– Что, пир продолжается? – усмехнулся друид, одобрительно глядя на импровизированный стол.
– Чем богаты, – развел руками хозяин, приглашая к лавке. И у рыбака, и у Травника ирония в голосе ощущалась на той неуловимой грани между необидной насмешкой и открытым добродушием, которая всегда казалась Яну лично для него недосягаемой, когда он слушал друидов. Теперь же и у этого неизвестного ему рыбака Коростель заметил такую особенность и даже на мгновение призадумался: а не одного ли они поля ягоды? Так или иначе, но между ними действительно угадывалось некое внутреннее сходство, и суть его не давала Яну покоя.

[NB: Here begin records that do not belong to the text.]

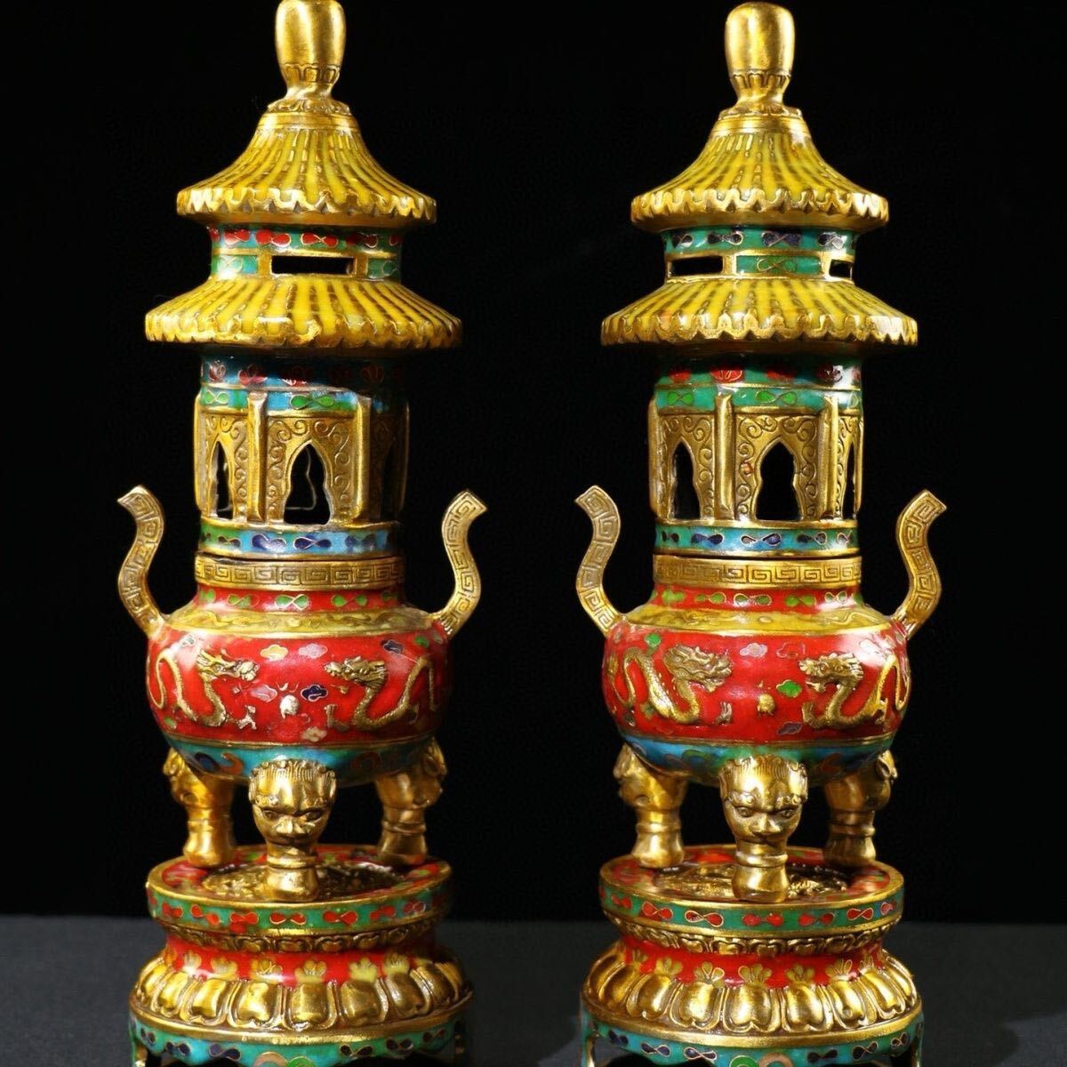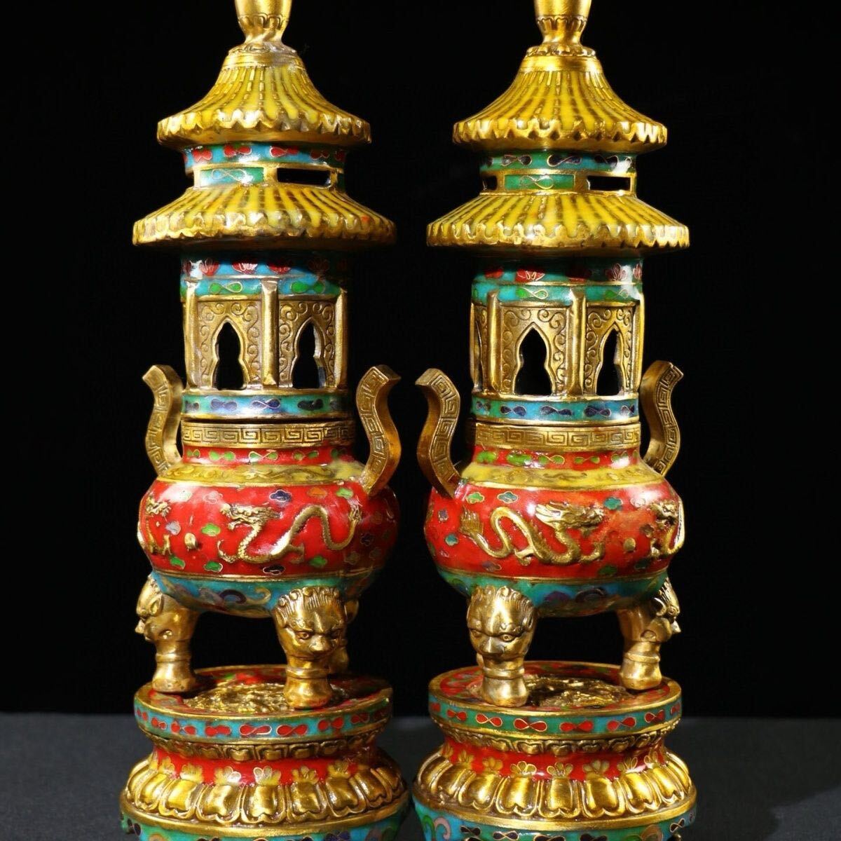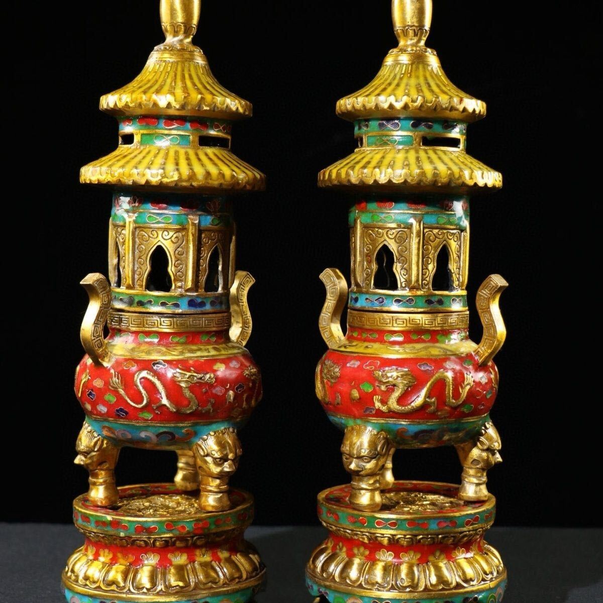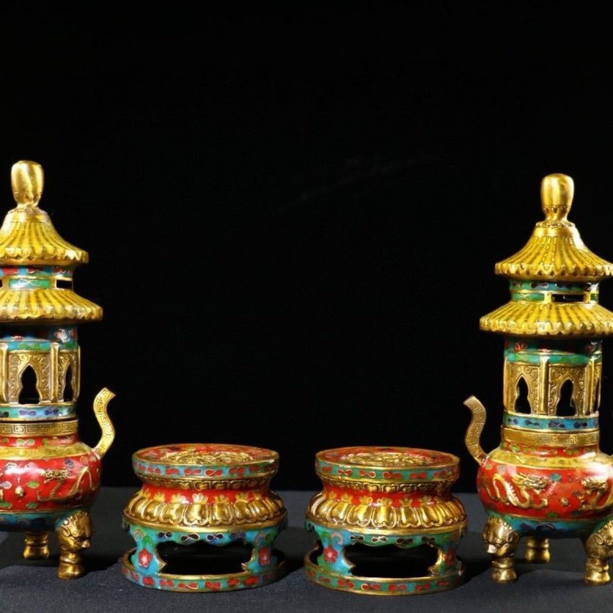 旧蔵純銅流金景泰藍 香炉 2個セット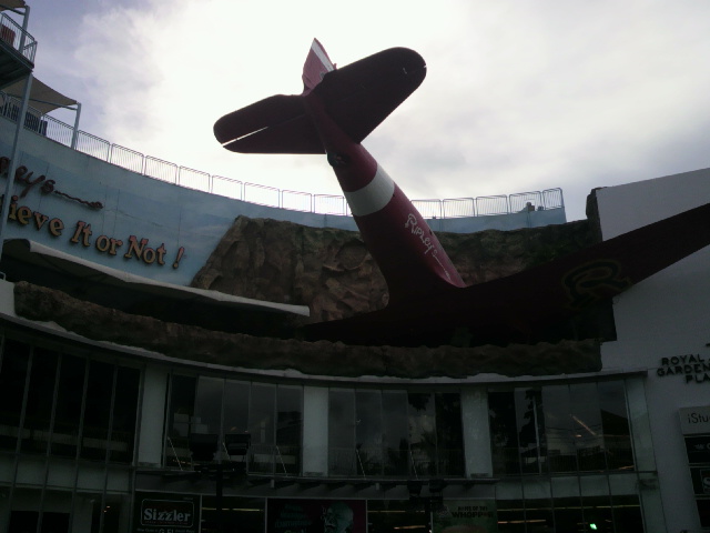 ロイヤル・ガーテンプラザの入口に飛行機が突入している像は、印象の強いものがあります。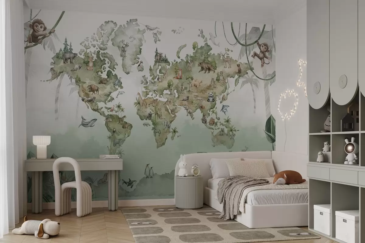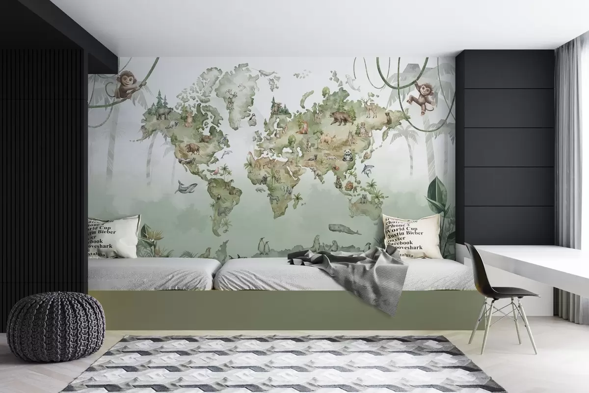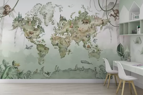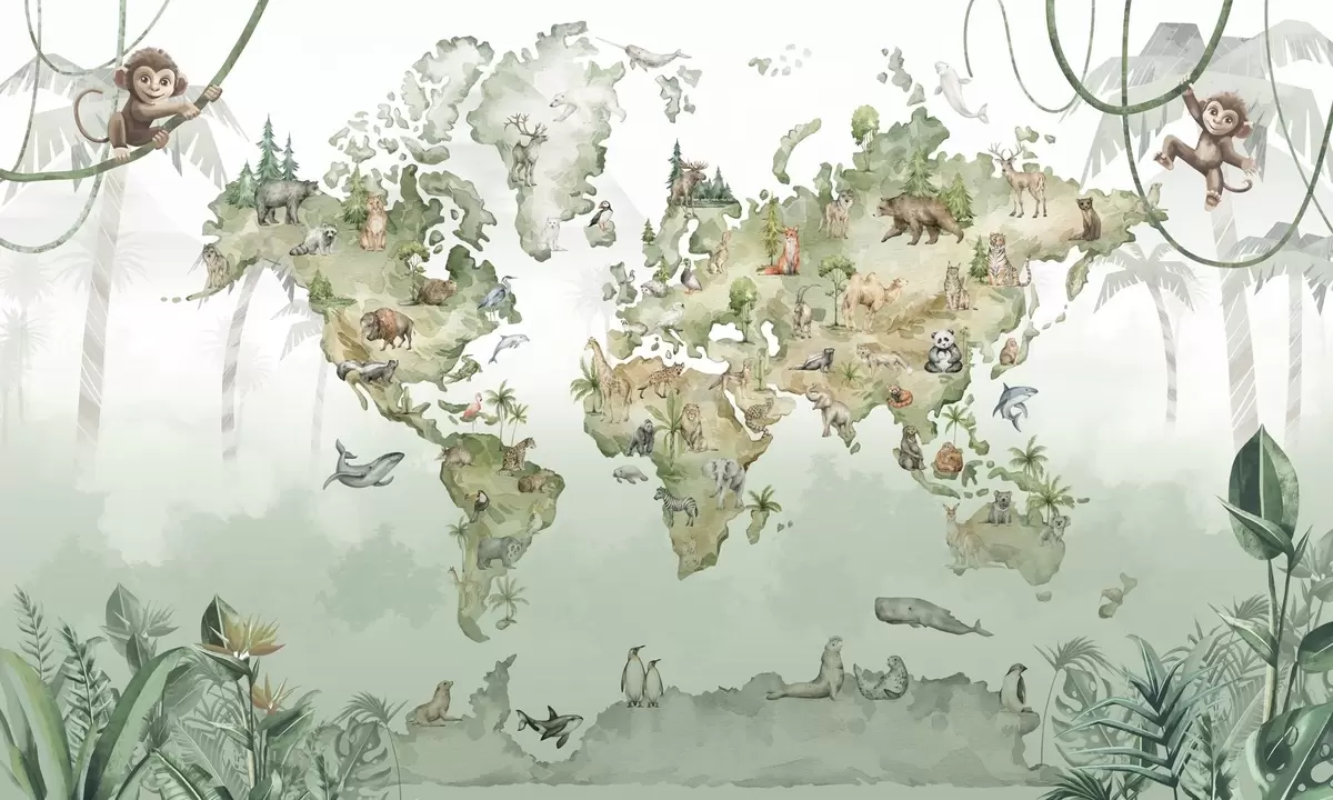 Papel de pared Mapamundi en acuarela con animales Nr. w04418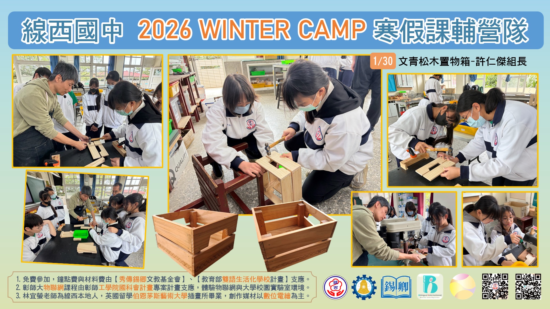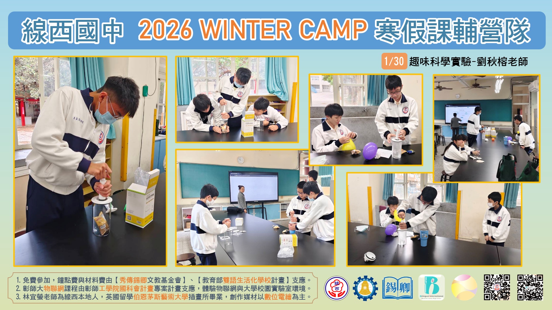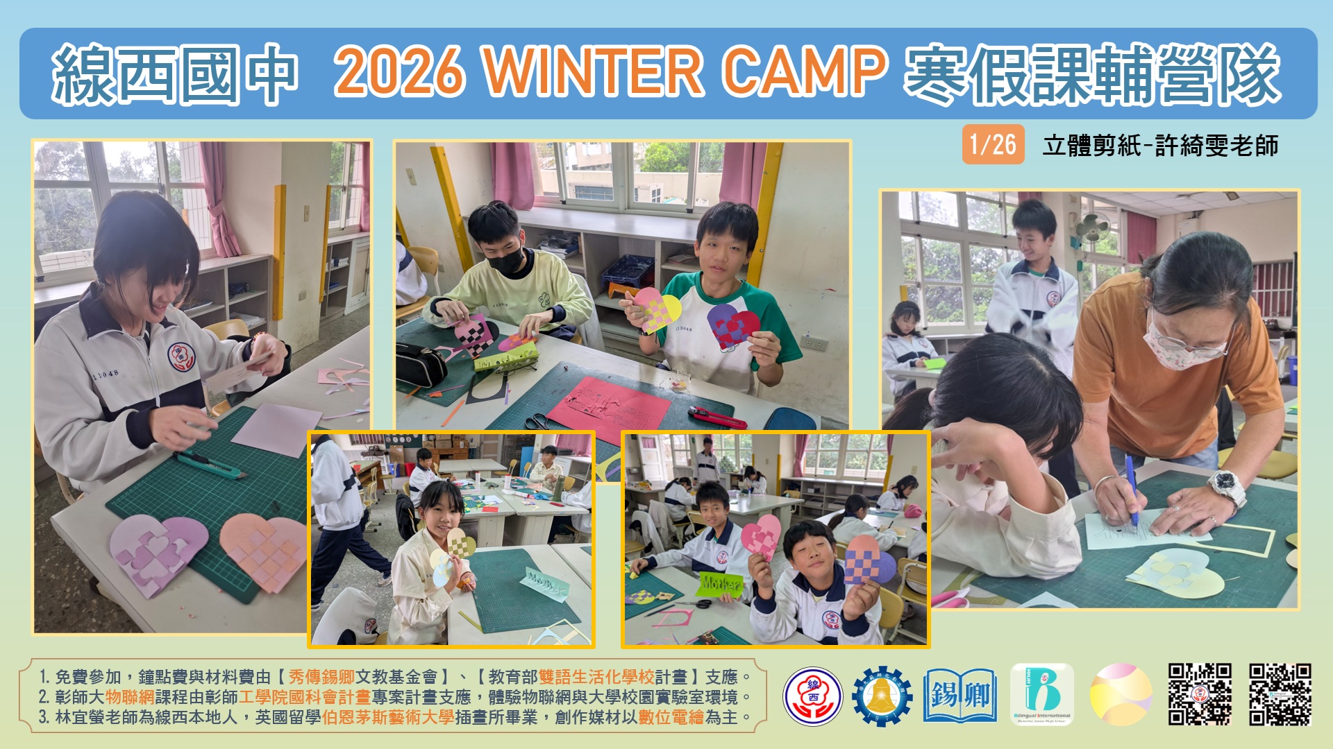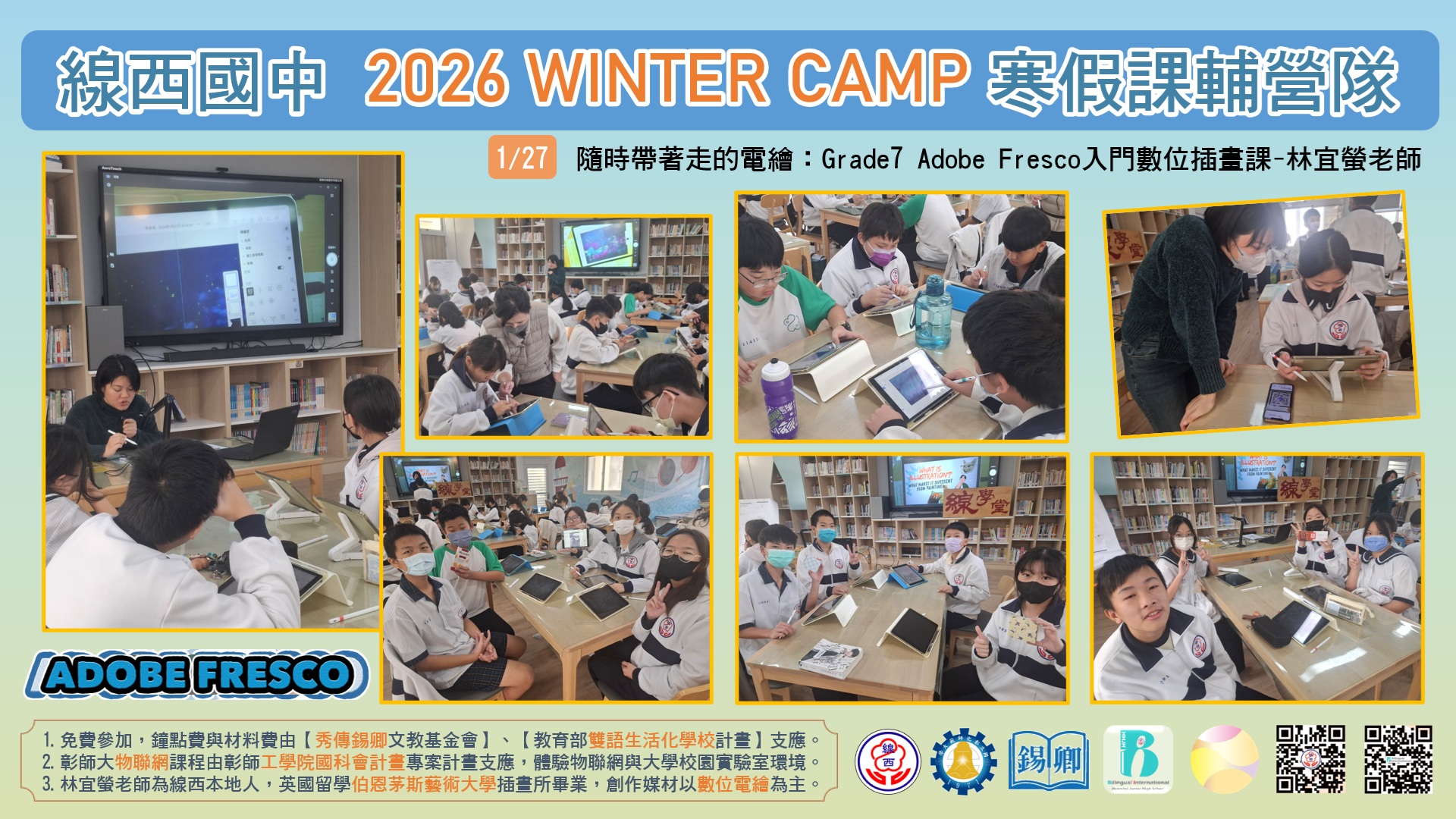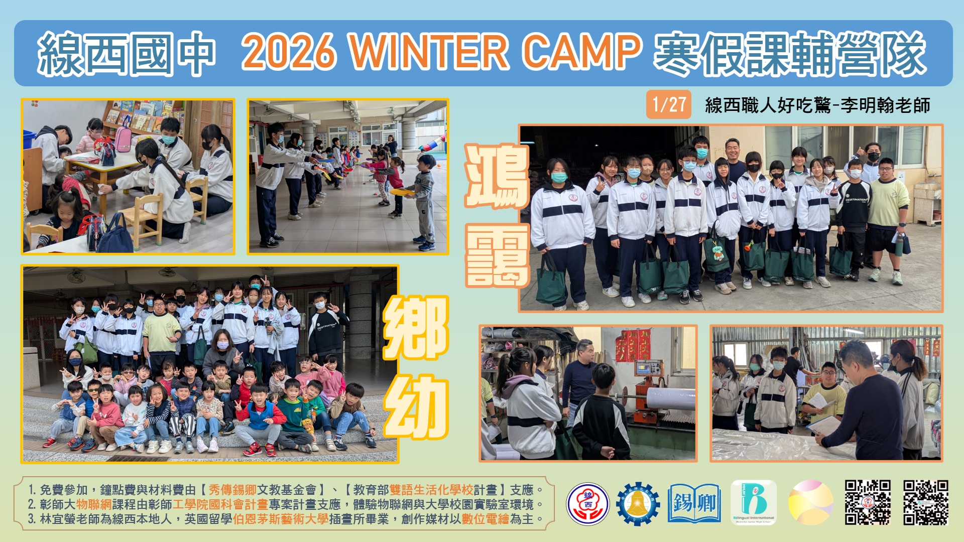 1.寒假課輔免費參加,鐘點費與材料費由【秀傳錫卿文教基金會】、【教育部雙語生活化學校計畫】支應。 2.彰師大物聯網課程由彰師工學院國科會計畫專案計畫支應,體驗物聯網與大學校園實驗室環境。 3.林宜螢老師為線西本地人,英國伯恩茅斯藝術大學插畫所畢業,創作媒材以電繪為主。 4.多項課程帶入雙語內容,讓學生學習認知各項專業知識,也感受雙語教學環境。 精彩成果展現

Тем временем хозяин разложил деревянной лопаточкой заливное с маленькими яркими кружками моркови и шлепнул Яна по колену.
– Давай, парень, расскажи своему приятелю, что да как ты тут видел, а после и думу думать будем – что тут правда, а что ложь. Сдается мне, что те, чей вы след взяли в этих краях, имеют к истории с твоими родителями самое прямое отношение.
– Почему ты так думаешь? – спросил его Травник, с аппетитом отправляя в рот добрую порцию прозрачного студня.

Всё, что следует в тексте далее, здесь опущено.